Voilà que commence l'automne : le ciel a pâli, sa voûte immense est toute couverte de petits nuages ; pas un souffle de vent ne les pousse ; son dôme semble frappé d'une immobilité éternelle. La rivière, unie comme une glace, reflète en traits arrêtés les longs peupliers qui bordent ses rives ; ils s'alignent comme une armée, un léger frisson court sur leur cime sans la faire plier, et ce murmure continu qui se prolonge finit par emplir, comme une grande voix, la nature entière. Dans cette universelle paix, quelques bruits lointains traversent les airs ; une paysanne qu'on n'aperçoit pas chante sa chanson, dont une note triste termine le refrain ; les batteurs suspendent et recommencent leurs coups cadencés ; sur le sol sonore, les fléaux lourdement retombent ; à leurs coups pesants, on dirait la plainte de l'homme qui gémit de ne pouvoir quitter la terre qui le retient.
Le soleil ne paraît pas dans le ciel ; le bleu éclatant a fait place à une lumière terne ; ce n'est pas la froide clarté de l'hiver, ce n'est plus la chaude transparence de l'été : pas d'oiseau qui chante, pas d'insecte qui murmure ; une paix solennelle s'étend sur les cieux, la terre et les eaux ; la nature s'enveloppe dans un calme puissant ; elle semble, rêveuse et étonnée, se reposer d'avoir produit tous ses fruits. Ainsi l'homme, dont Dieu a touché un moment le front, après qu'il a versé ses pensées, s'arrête et demeure immobile, les yeux fixés sur un point invisible, et comme suivant dans l'air l'ange fugitif qui l'inspira.

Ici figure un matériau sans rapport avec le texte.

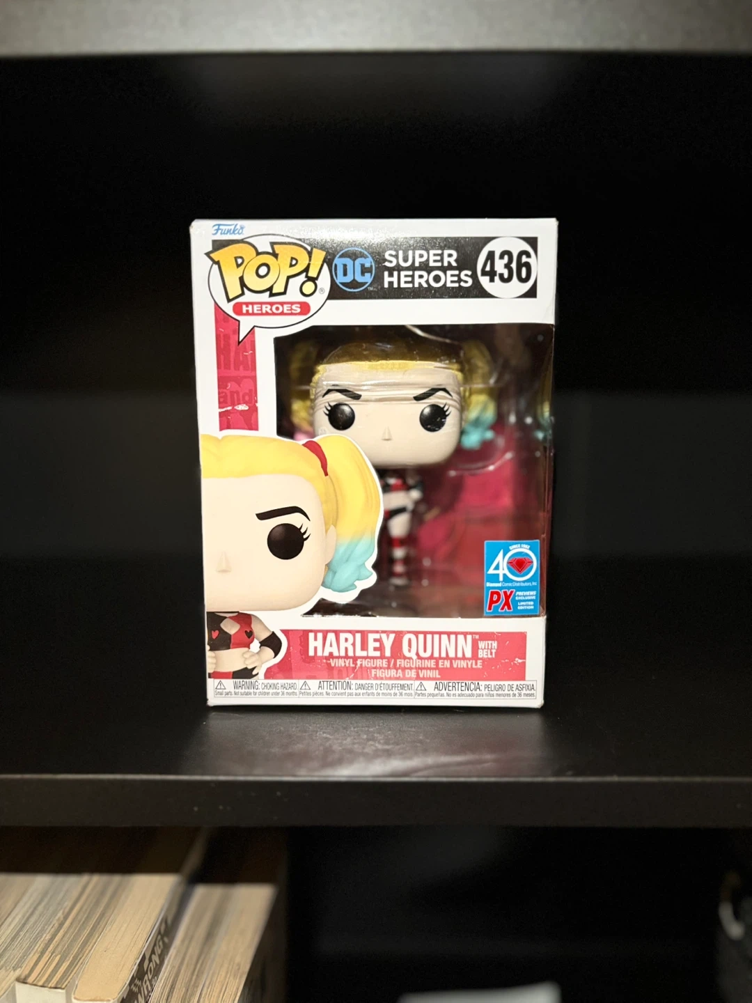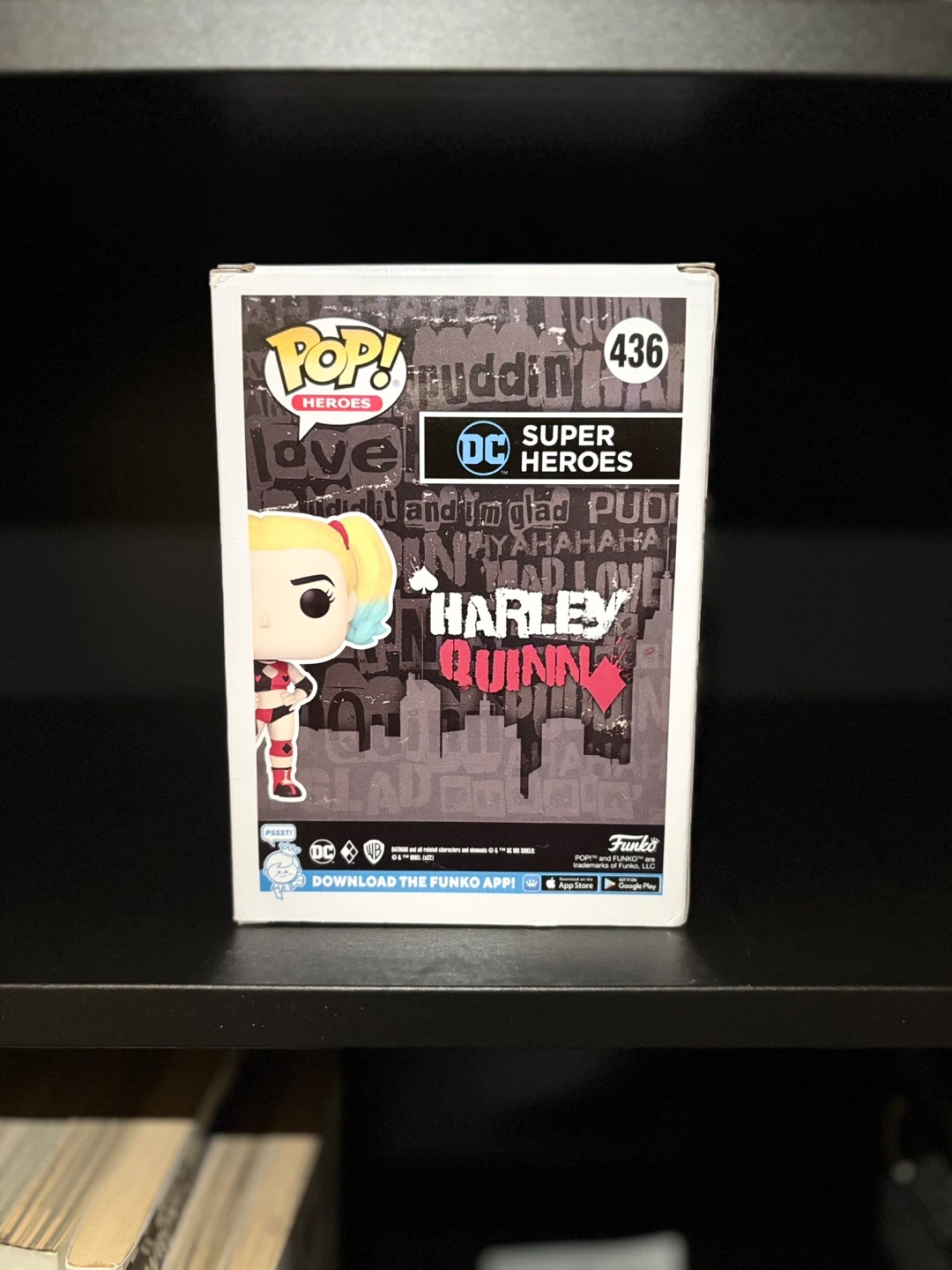 This is a Funko Pop! DC Heroes collectible vinyl figure of Harley Quinn, number 436. It's part of the Super Heroes line. The figure comes in its original box.
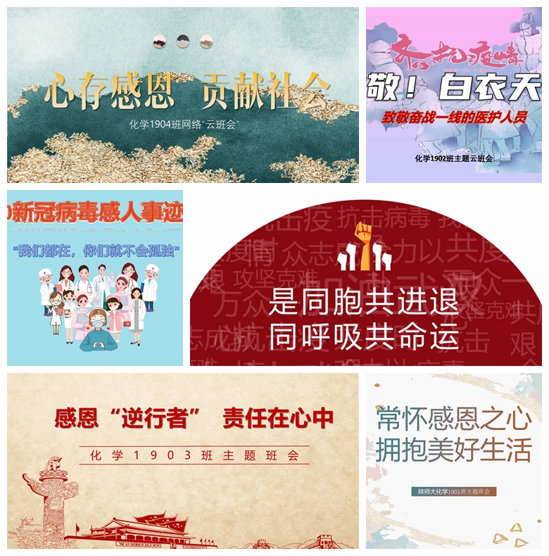 化学1902班利用PPT讲解、投屏播放的方式,围绕“致敬!白衣天使”的主题, 讲述着奋战在抗疫一线的医护人员那些不为人熟知的故事,一张张心酸图片、一段段感人话语,生动地诠释着医者仁心,诉说着使命担当。化学1903班以“感恩逆行者,责任在心中”为主题,通过观看抗疫短片,共同关注当前疫情现状和防控形势,致敬抗疫情战场上为人民筑起生命防线的“最美逆行者”。同学们纷纷献上手写祝福、手绘关心,用最真挚的情感为一线人员隔空加油。
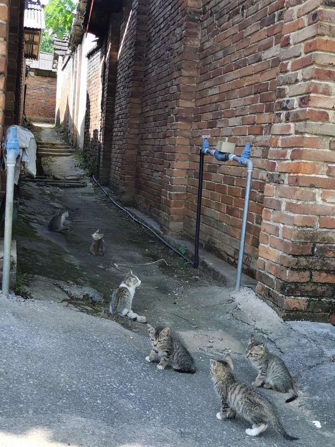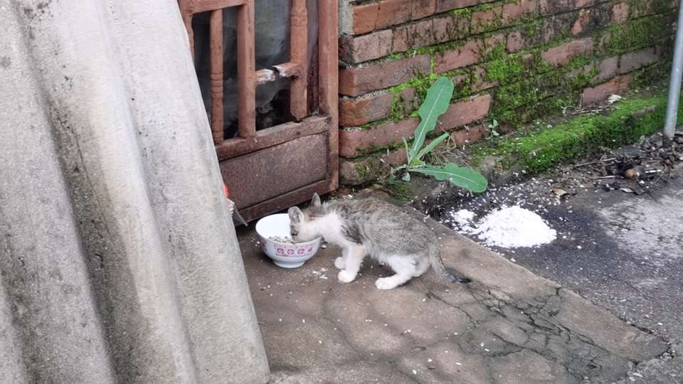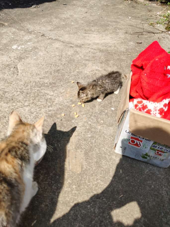 几个小时过去了,我又想去看看那只奄奄一息的猫猫是否还活着?这时见猫妈妈带着其他的孩子来到一间铁门锁着,木门半掩着的房子里,邻居也把纸盒子挪到这房子门口,让小小猫能听见同伴的呼唤。这时我唯一能做的又是给猫猫们提供猫粮。并顺便找来一块石棉瓦把纸盒挡住,避免被雨水淋湿。
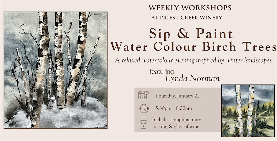 Have you ever wanted to learn the art of watercolour? Now’s your chance! Join us for an inspiring and relaxing evening led by talented local artist Lynda Norman, as she guides you step-by-step through creating a beautiful birch tree watercolour painting.
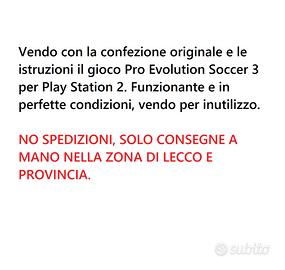 Vendo con la confezione originale e le istruzioni il gioco Pro Evolution Soccer 3 per Play Station 2. Funzionante e in perfette condizioni, vendo per inutilizzo.

A quelques lieues de Josselyn s'étend, sur la pente d'une colline, Guémenée, vieille petite ville qui n'est guère formée que d'une rue, et la rue de vieilles maisons à pignons aigus qui n'ont pas bougé depuis des siècles, puis un château à demi ruiné et revêtu de lierres ; c'est une des dernières images que l'on emporte de la Bretagne, avec le souvenir du grand nom de Rohan.
La pluie serrée tombe sur la terre sèche avec le bruit d'un bois qui se casse en craquant. La vallée est comme recouverte d'une gaze ; les arbres, au loin, ont perdu leurs couleurs, et la colline confond sa ligne indécise avec le ciel abaissé ; la voûte du ciel est changée en une vaste coupole de plomb, et dans le cercle entier de l'horizon la pluie descend à grand bruit, abondante comme les pleurs qui s'écoulent de l'œil de l'homme, quand il s'affaisse, abattu par un coup que la douleur enfonce avant dans son cœur.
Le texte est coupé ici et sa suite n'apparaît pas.